La inteligencia artificial ha revolucionado el panorama tecnológico en los últimos años, transformando la creación de software, la búsqueda de información y la generación de contenido visual con simples instrucciones a chatbots. Sin embargo, la IA aún no ha encontrado una manifestación física predominante en los dispositivos cotidianos, manteniéndose principalmente en aplicaciones móviles, a pesar de los esfuerzos de startups y otras entidades por integrarla en el hardware. El auge de la IA generativa ha disparado inversiones y expectativas, aunque su monetización y aplicación tangible sigan siendo desafíos clave para la industria.
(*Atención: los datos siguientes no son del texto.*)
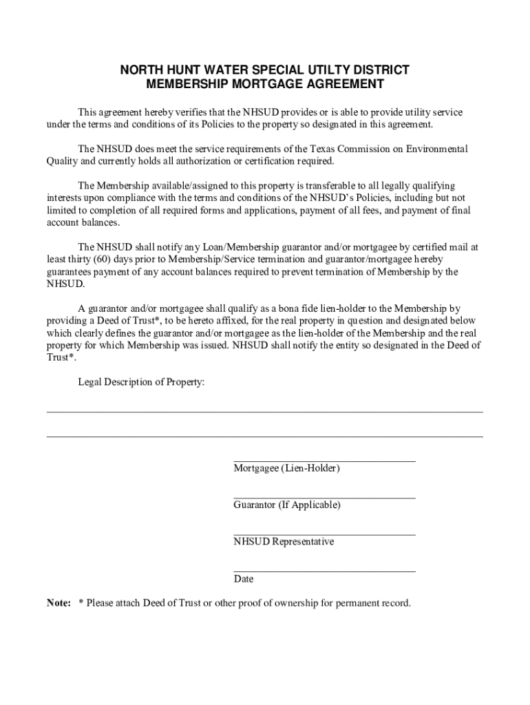 NORTH HUNT WATER SPECIAL UTILTY DISTRICT MEMBERSHIP MORTGAGE AGREEMENT This agreement hereby verifies that the NHSUD provides or is able to provide utility service under the terms and conditions of
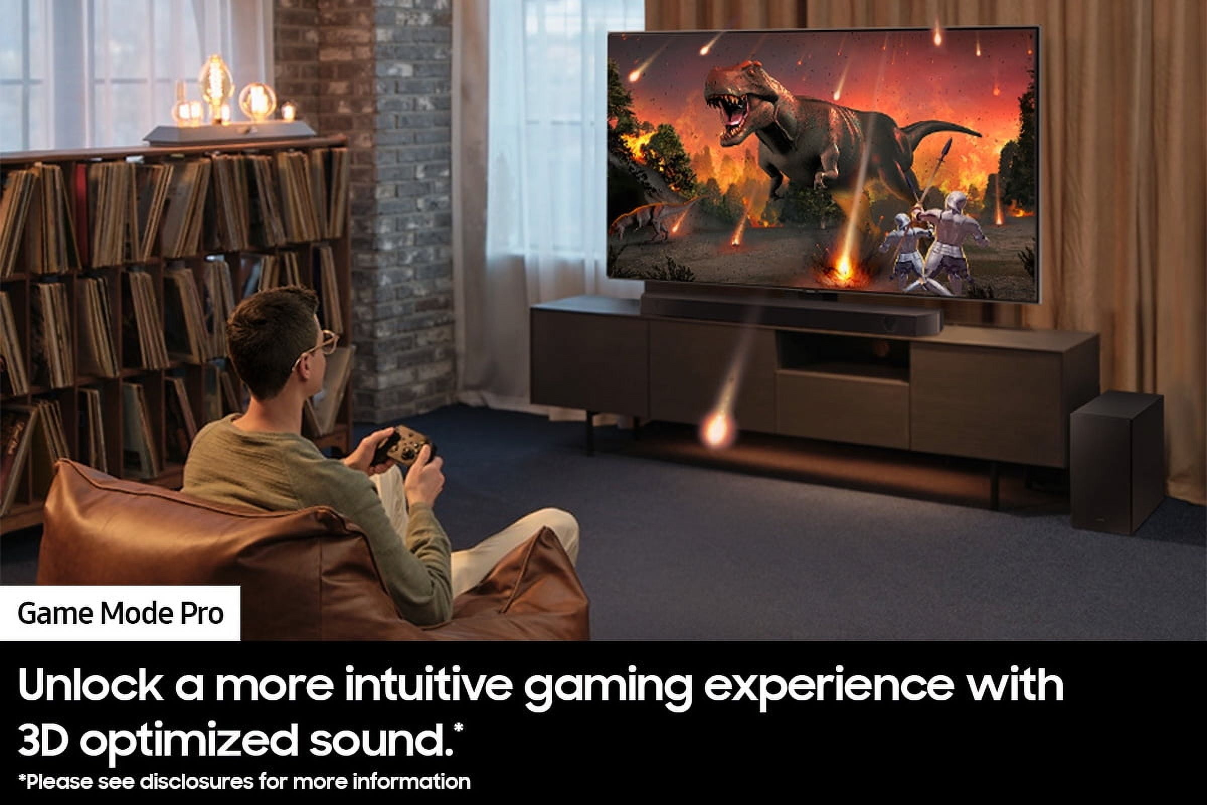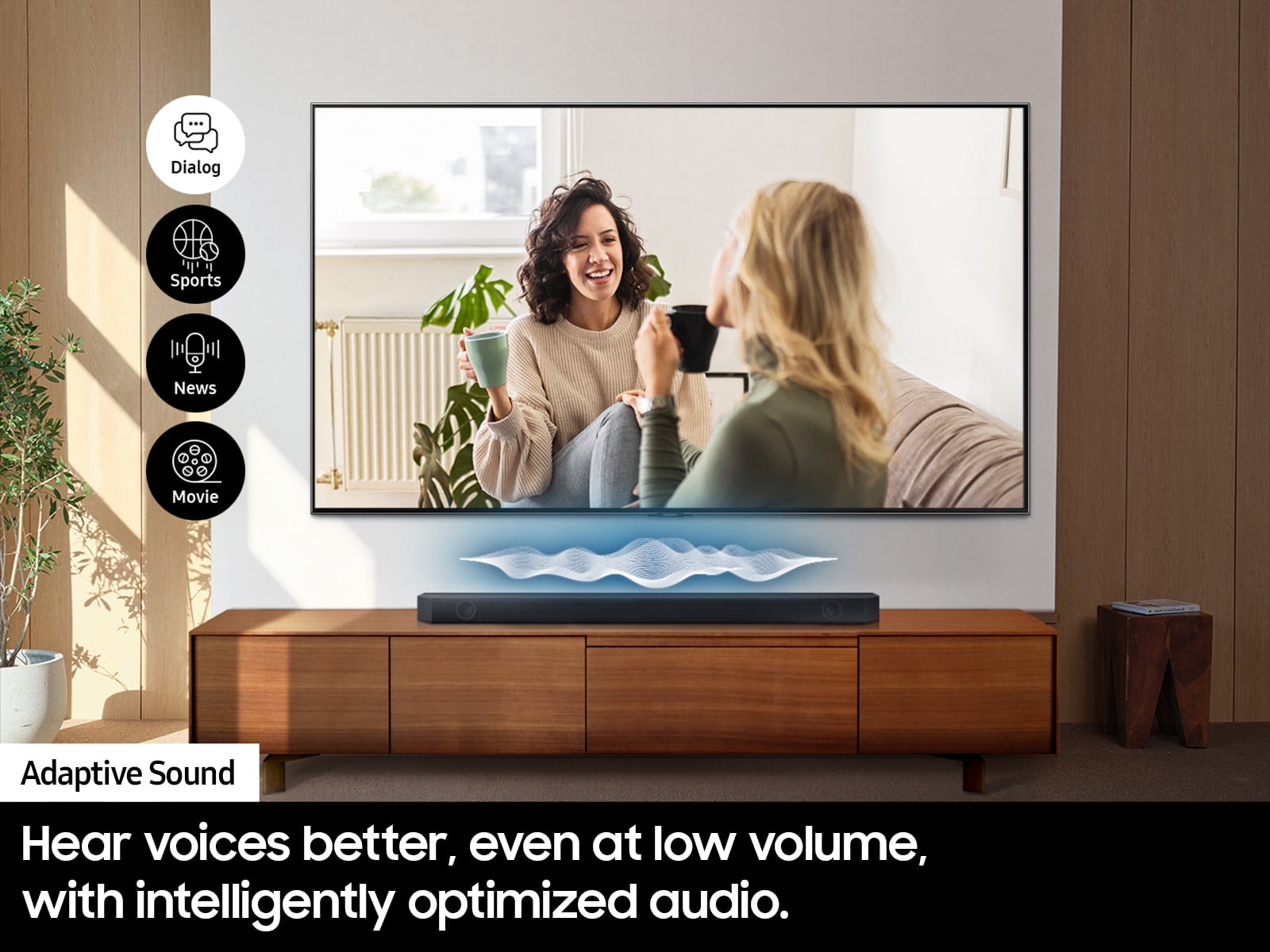 Q-Symphony – For sound that’s off the charts, combine a Samsung TV with a Samsung soundbar.*Q-Symphony is compatible with select 2020 – 2023 Samsung TV’s. Please refer to samsung.com for more information. 3.1.2 Ch. True Dolby Atmos Sound – There’s more that meets the ear. Appreciate the story, concert or soundtrack on a deeper level with the three-dimensional nuance of 3.1.2ch sound with Dolby Atmos. Adaptive Sound – Hear voices better, even at low volume, with intelligently optimized audio. HDMI eARC – This single HDMI cable connection passes advanced audio like Dolby Atmos from your TV to your soundbar. One cable is all you need for a high-quality connection that won’t degrade your sound. *Requires an HDMI eARC compatible TV. Game Mode Pro – The game is calling. Powerful up-firing speakers, acoustic beam and strong woofers unlock a more intuitive gaming experience, complete with 3D optimized sound. BT Multi-Connection – No more unpairing as you trade off control. Connect two smart devices simultaneously and share the soundbar with ease. *Requires a BT compatible TV. Samsung Acoustic Beam® – Hear panoramic sound that moves with the action on-screen. This Samsung tech delivers finely tuned sound for an immersive listening experience. Tap Sound – Around here, streaming music from your phone to your soundbar is simple as that. Just tap the soundbar with your phone and start listening. *Tap sound is only compatible with select Samsung mobile devices, with Android 8.1 and above. Tap Sound requires SmartThings app to activate and set up. This service only works when Soundbar and mobile are on. One Remote Control – Keep your finger on the pulse. This do-it-al remote controls both your Samsung TV and soundbar.
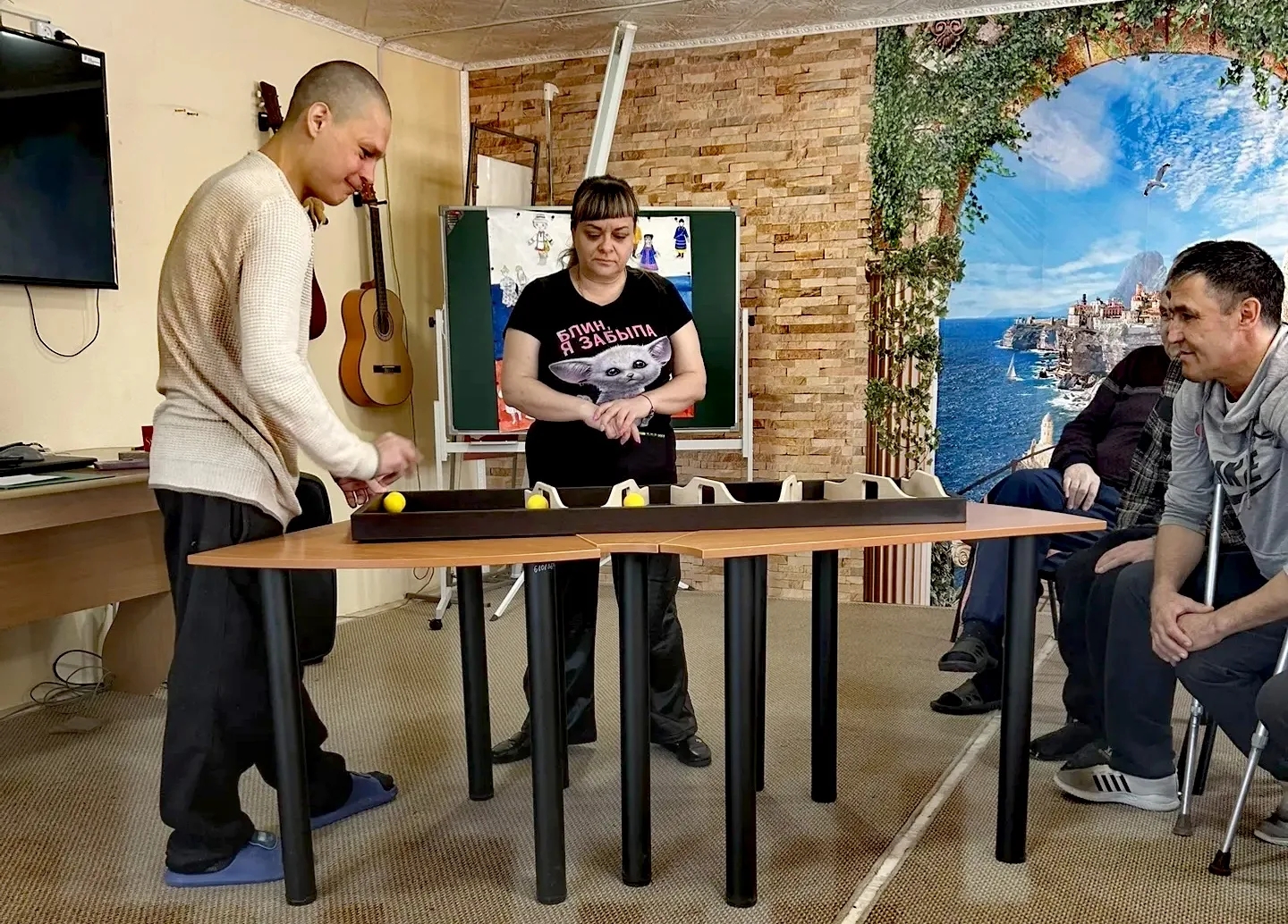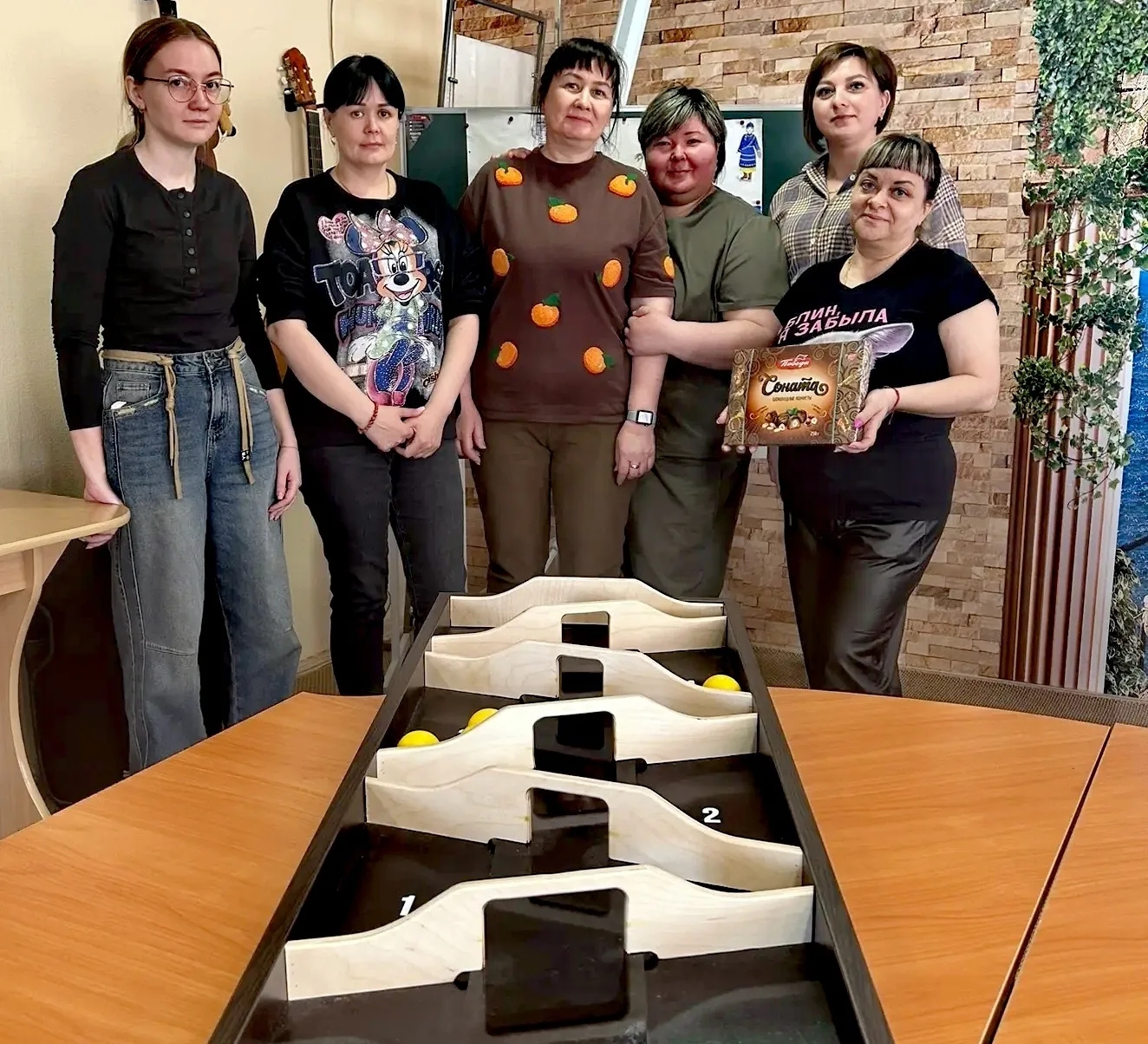 Состоялся увлекательный турнир по «Шар-тоннелю», где встретились две яркие команды: сотрудники «Апельсинки» и проживающие «Мухоморы».
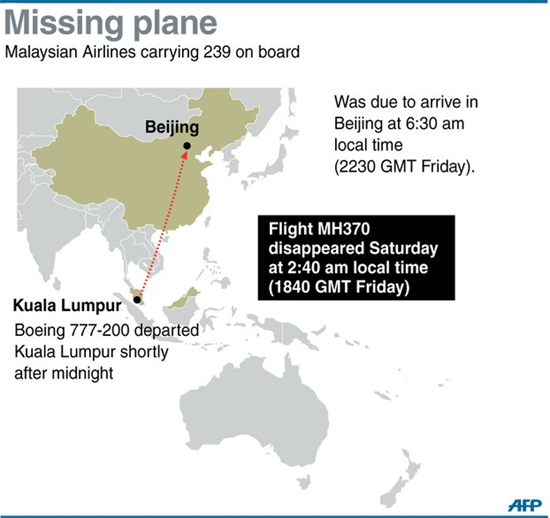 227 hành khách và 12 nhân viên phi hành đoàn bị mất liên lạc ngày 8/3
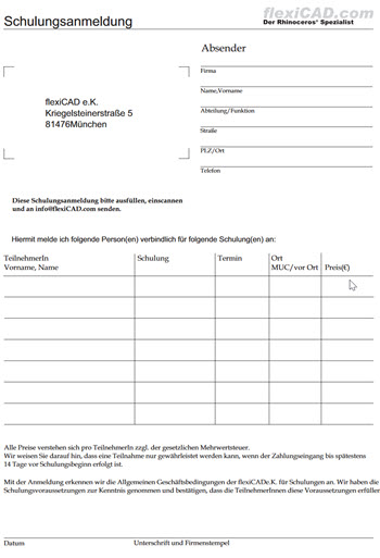 Wenn Sie sich für eine der Schulungen anmelden möchten, einfach nachfolgendes Formular ausfüllen, einscannen und an info@flexiCAD.com zurücksenden.
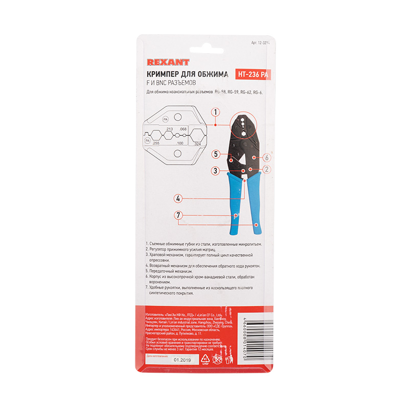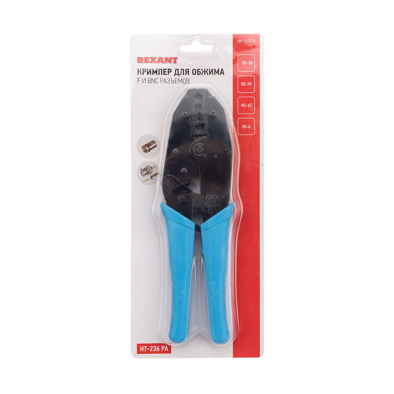 Кримпер REXANT HT-301 PA для обжима F и BNC разъемов RG-58, RG-59, RG-62, RG-6
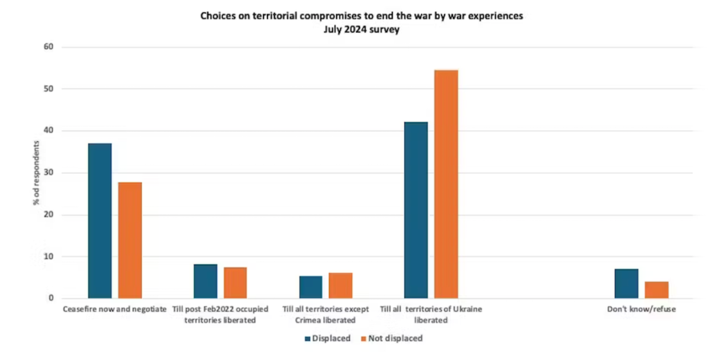 But when asked directly in the 2024 survey if they agreed with the statement “Russia should be allowed to control the territory it has occupied since 2022,” 90% disagreed. So while there is still a majority—if diminished—support for fighting to restore full territorial integrity, there is growing support for negotiations.

Según la investigación publicada por The New York Times, OpenAI, líder mundial en el desarrollo de IA, se propone abordar este desafío con una audaz estrategia que fusiona talento creativo y capacidad financiera.
Sam Altman, CEO de OpenAI, anunció la adquisición de IO, una startup fundada hace un año por Jony Ive, ex diseñador jefe de Apple responsable del icónico diseño del iPhone, por la suma de 6.500 millones de dólares en acciones. Esta operación, que une a dos figuras prominentes de Silicon Valley, busca inaugurar una «nueva familia de productos» para la era de la inteligencia artificial general (IAG), término que alude a una tecnología futura con capacidades cognitivas equiparables a las humanas. Esta adquisición se produce en un momento en que la competencia en el campo de la IA se intensifica, con grandes tecnológicas invirtiendo fuertemente en investigación y desarrollo.
La adquisición, la mayor realizada por OpenAI hasta la fecha, incorporará a Ive y su equipo de aproximadamente 55 ingenieros e investigadores. Asumirán responsabilidades creativas y de diseño en toda la organización, enfocándose en la creación de hardware que facilite una interacción más intuitiva con la tecnología. La experiencia de Ive en diseño industrial, combinada con la potencia de la IA de OpenAI, podría dar lugar a interfaces de usuario más naturales y dispositivos que se integren de manera transparente en la vida cotidiana.
Aunque Altman e Ive se abstuvieron de revelar detalles específicos sobre estos dispositivos, anticiparon que compartirán más información el próximo año. Ive, de 58 años, describió la ambición del proyecto como «galáctica», con el objetivo de crear «productos asombrosos que eleven a la humanidad». Altman, de 40 años, añadió que buscan ofrecer alternativas a los productos existentes, superando las limitaciones de los smartphones y allanando el camino para la «computación ambiental», donde la IA procesa el mundo en tiempo real a través de dispositivos como colgantes o gafas, respondiendo preguntas y analizando información de manera fluida.
Altman ya había invertido en Humane, una empresa que exploró esta visión con la creación de un pin con IA, pero la startup fracasó poco después del lanzamiento de su producto. Este revés subraya los riesgos y desafíos inherentes a la creación de nuevos paradigmas en la interacción humano-máquina.
Ive expresó cierto arrepentimiento por el impacto del iPhone, mencionando la ansiedad y las distracciones derivadas de la conectividad constante. Altman compartió este sentimiento, describiendo su relación actual con la tecnología como «una calle concurrida en Nueva York o una Las Vegas llena de luces intermitentes». El objetivo es aprovechar la IA para dar sentido a este exceso de información y estímulos. La consultora Gartner anticipa que para 2027, la inversión en tecnologías que mitiguen los efectos negativos de la sobrecarga informativa aumentará un 40%.